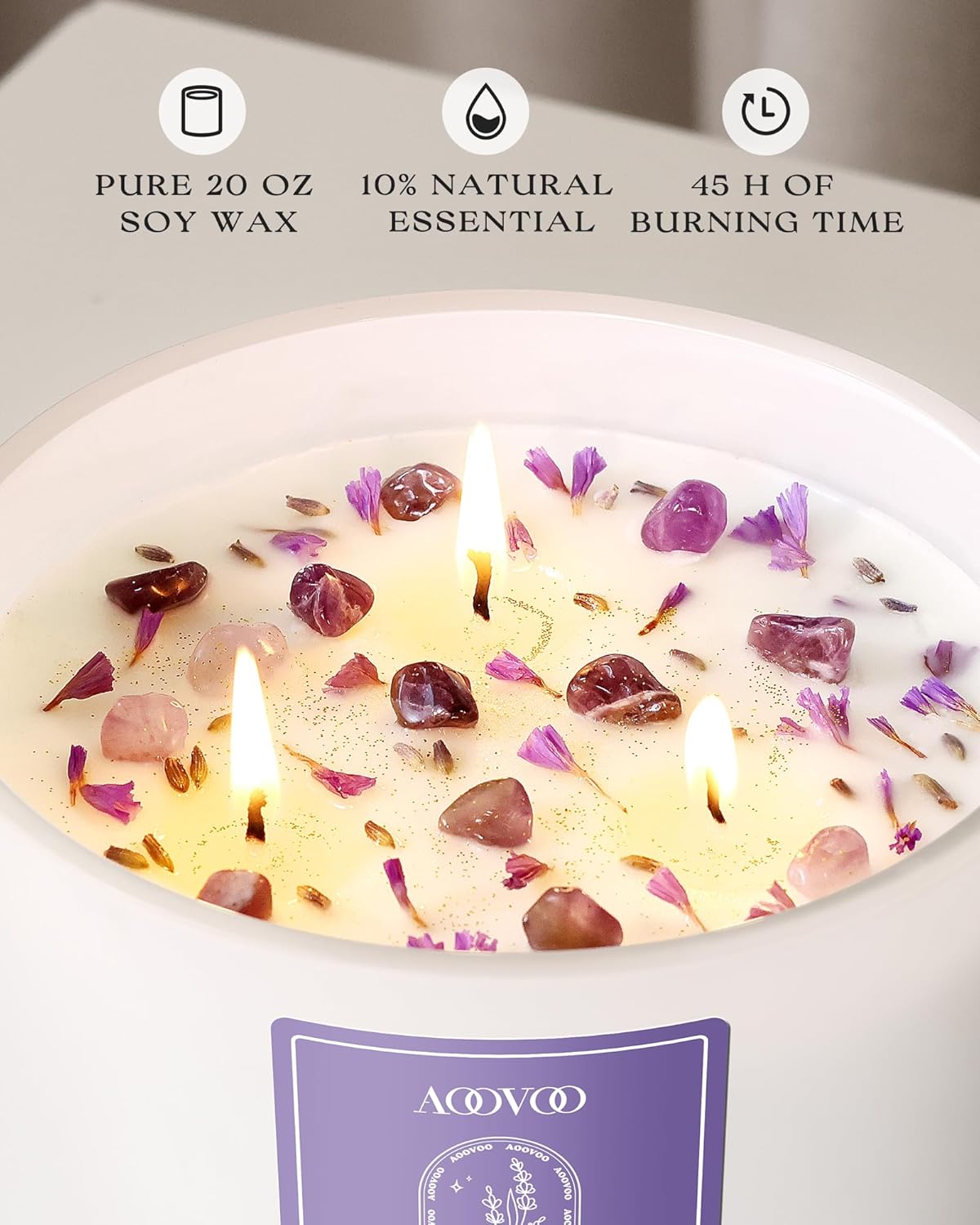 AOOVOO Lavender Scented Candles for Women - 20oz 3 Wick Soy Candles for Home Scented, Aromatherapy Candle with Crystals Inside, Birthday Gifts Mothers Day Candle for Women Mom
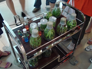 随后,实践团参观了集团目前生产的化工产品和农产品,对集团产品的种类和市场有了更直观的认识。特别是一株株生长在培养基里的农产品引起了大家浓厚的兴趣,队员们也纷纷就农产品的研发、培育和市场向讲解员提问。
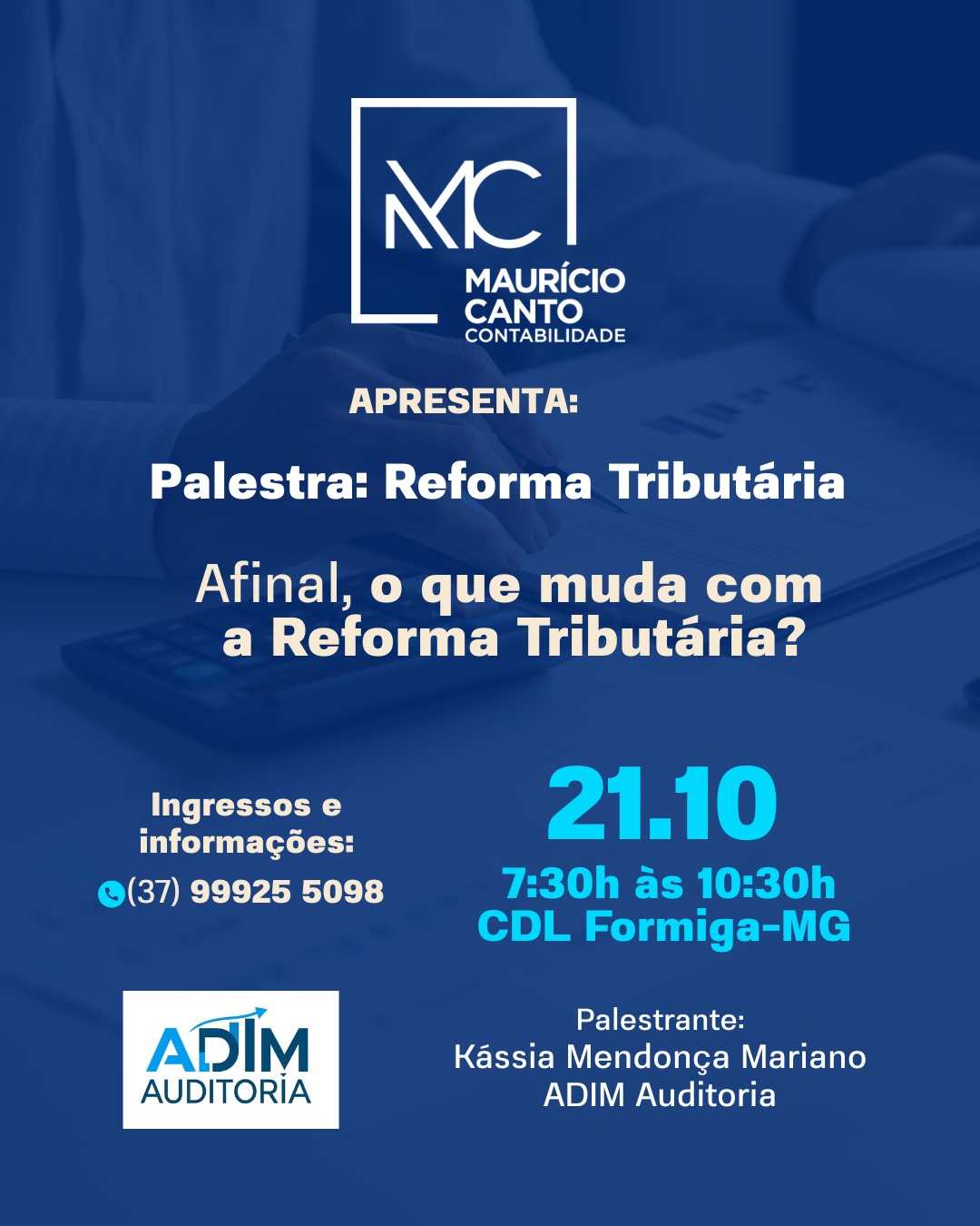 No próximo dia 21 de outubro de 2025, a cidade de Formiga receberá um evento de grande relevância para o setor empresarial. A Maurício Canto Contabilidade promoverá a palestra “Entendendo a Reforma Tributária: Como preparar sua empresa para a transição”, voltada especialmente para empresários da região.

..............................

Repeat each line above exactly as it reads, omitting any pictures.

EXPECTED ANSWER:
 AOOVOO Lavender Scented Candles for Women - 20oz 3 Wick Soy Candles for Home Scented, Aromatherapy Candle with Crystals Inside, Birthday Gifts Mothers Day Candle for Women Mom
 随后,实践团参观了集团目前生产的化工产品和农产品,对集团产品的种类和市场有了更直观的认识。特别是一株株生长在培养基里的农产品引起了大家浓厚的兴趣,队员们也纷纷就农产品的研发、培育和市场向讲解员提问。
 No próximo dia 21 de outubro de 2025, a cidade de Formiga receberá um evento de grande relevância para o setor empresarial. A Maurício Canto Contabilidade promoverá a palestra “Entendendo a Reforma Tributária: Como preparar sua empresa para a transição”, voltada especialmente para empresários da região.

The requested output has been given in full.